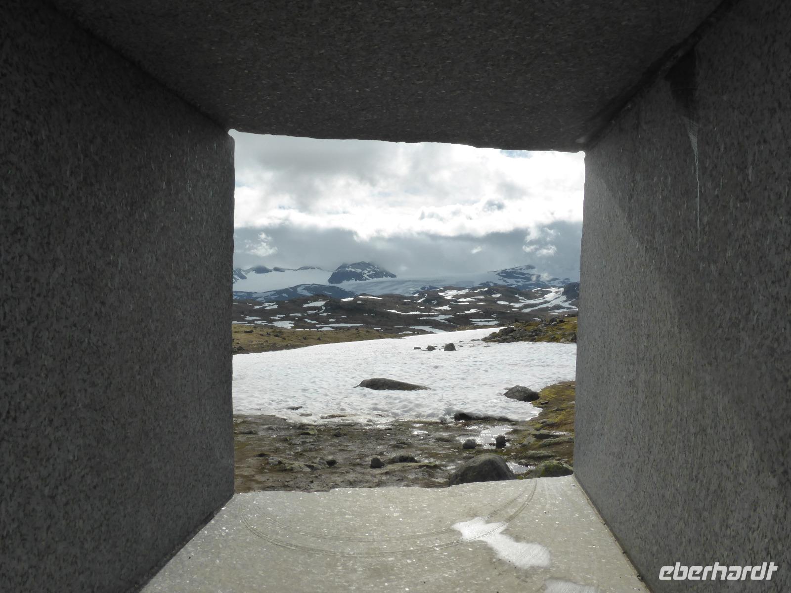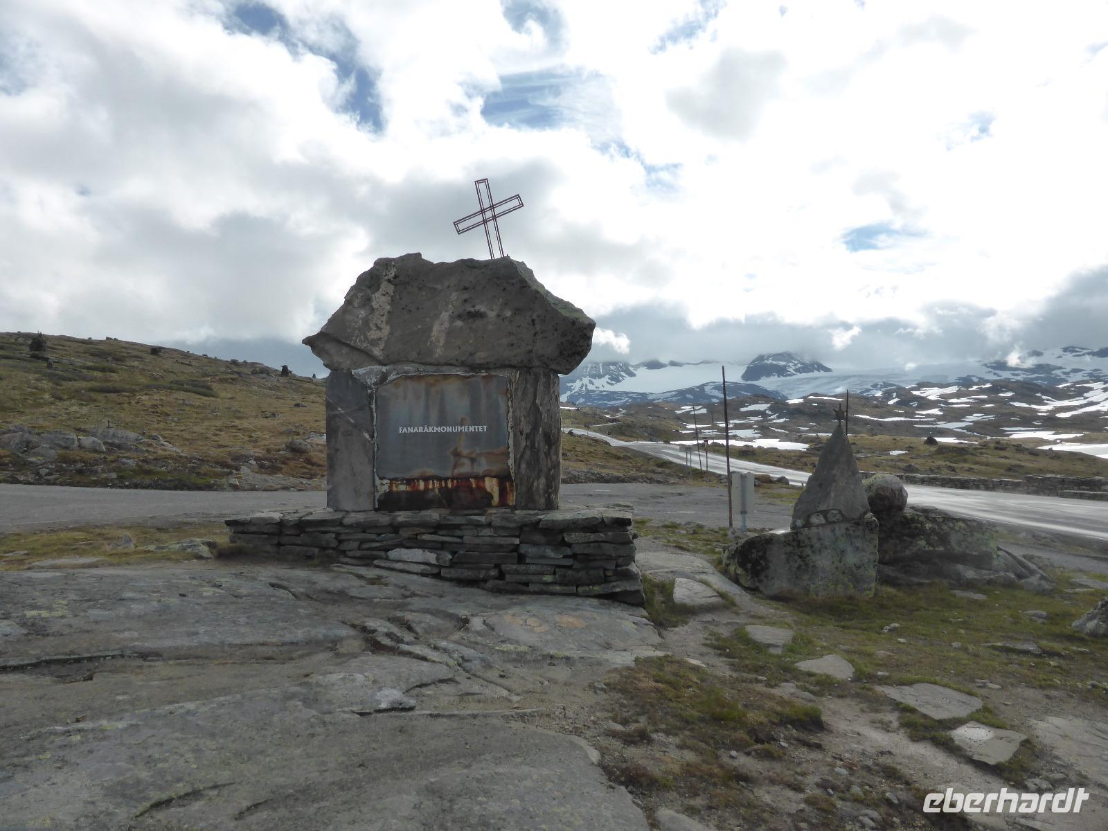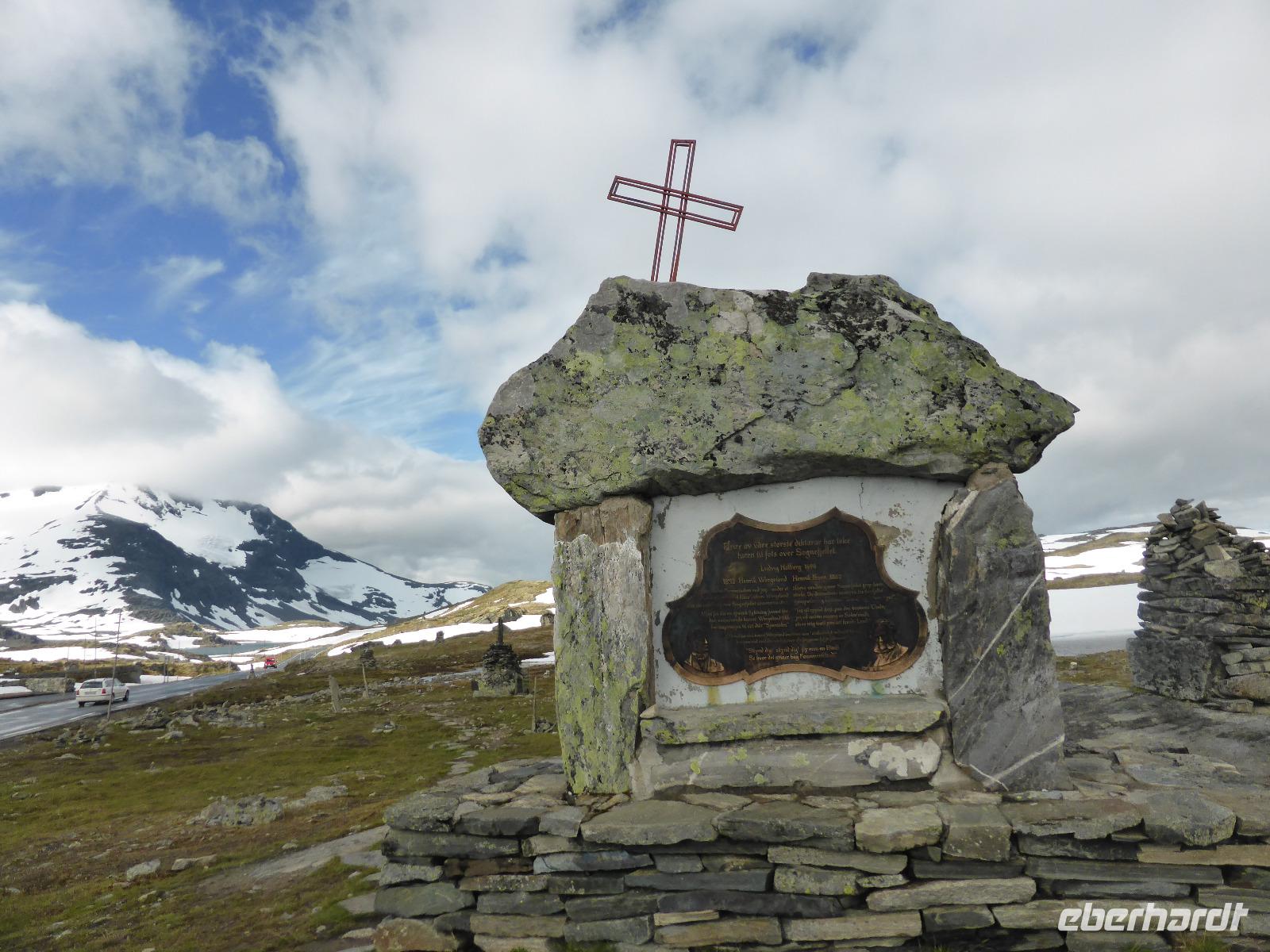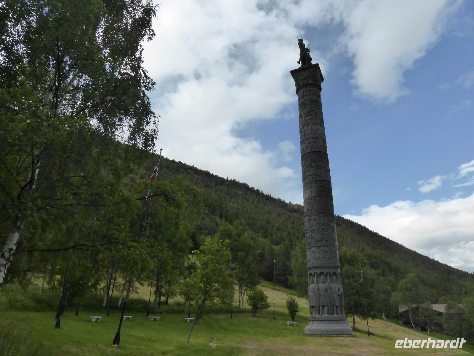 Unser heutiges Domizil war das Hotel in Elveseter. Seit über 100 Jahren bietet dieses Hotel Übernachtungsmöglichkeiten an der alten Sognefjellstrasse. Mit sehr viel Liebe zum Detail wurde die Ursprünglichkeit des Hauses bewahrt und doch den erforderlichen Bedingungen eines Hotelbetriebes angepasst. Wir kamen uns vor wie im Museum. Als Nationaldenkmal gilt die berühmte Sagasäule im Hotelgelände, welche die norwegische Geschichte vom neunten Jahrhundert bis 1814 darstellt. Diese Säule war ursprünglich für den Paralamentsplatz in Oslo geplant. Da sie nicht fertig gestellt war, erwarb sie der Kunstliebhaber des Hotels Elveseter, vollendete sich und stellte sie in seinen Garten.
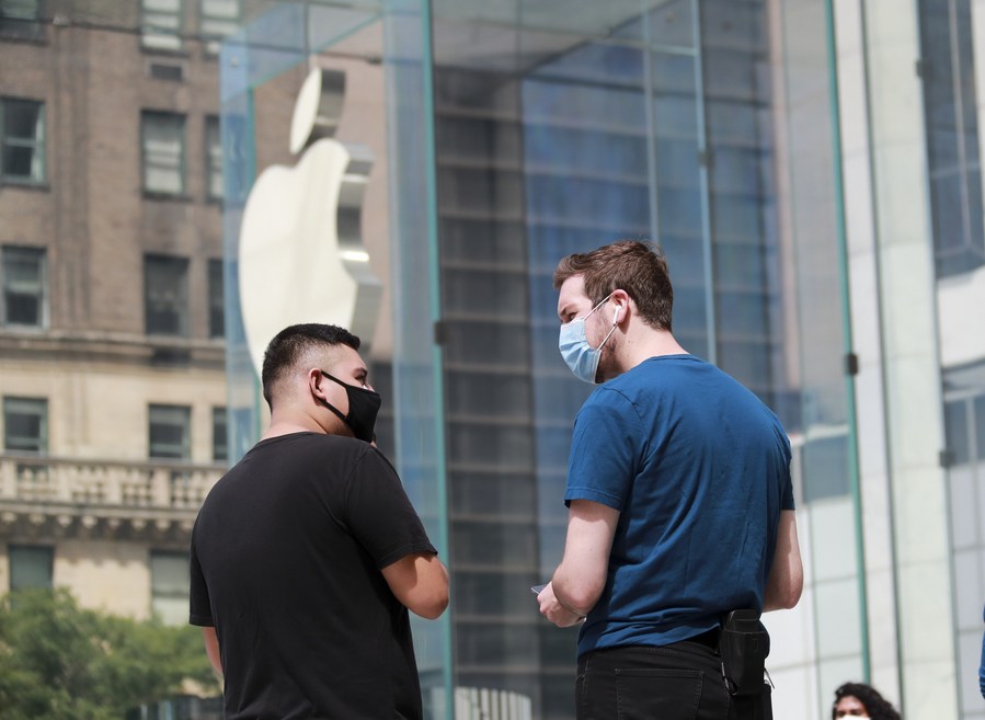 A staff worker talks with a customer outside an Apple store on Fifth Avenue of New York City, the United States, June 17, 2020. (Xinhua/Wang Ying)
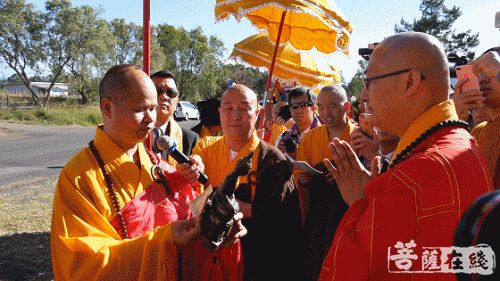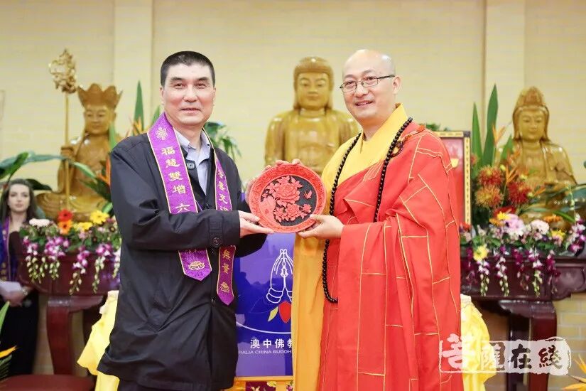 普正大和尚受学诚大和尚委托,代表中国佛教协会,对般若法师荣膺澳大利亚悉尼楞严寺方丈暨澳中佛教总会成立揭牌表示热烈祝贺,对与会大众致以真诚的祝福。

# The task
Leave the pictures out. Output exactly, and only, the lines from the one with "A staff worker" through the last line of the listing above, both included.

# Written reply
 A staff worker talks with a customer outside an Apple store on Fifth Avenue of New York City, the United States, June 17, 2020. (Xinhua/Wang Ying)
 普正大和尚受学诚大和尚委托,代表中国佛教协会,对般若法师荣膺澳大利亚悉尼楞严寺方丈暨澳中佛教总会成立揭牌表示热烈祝贺,对与会大众致以真诚的祝福。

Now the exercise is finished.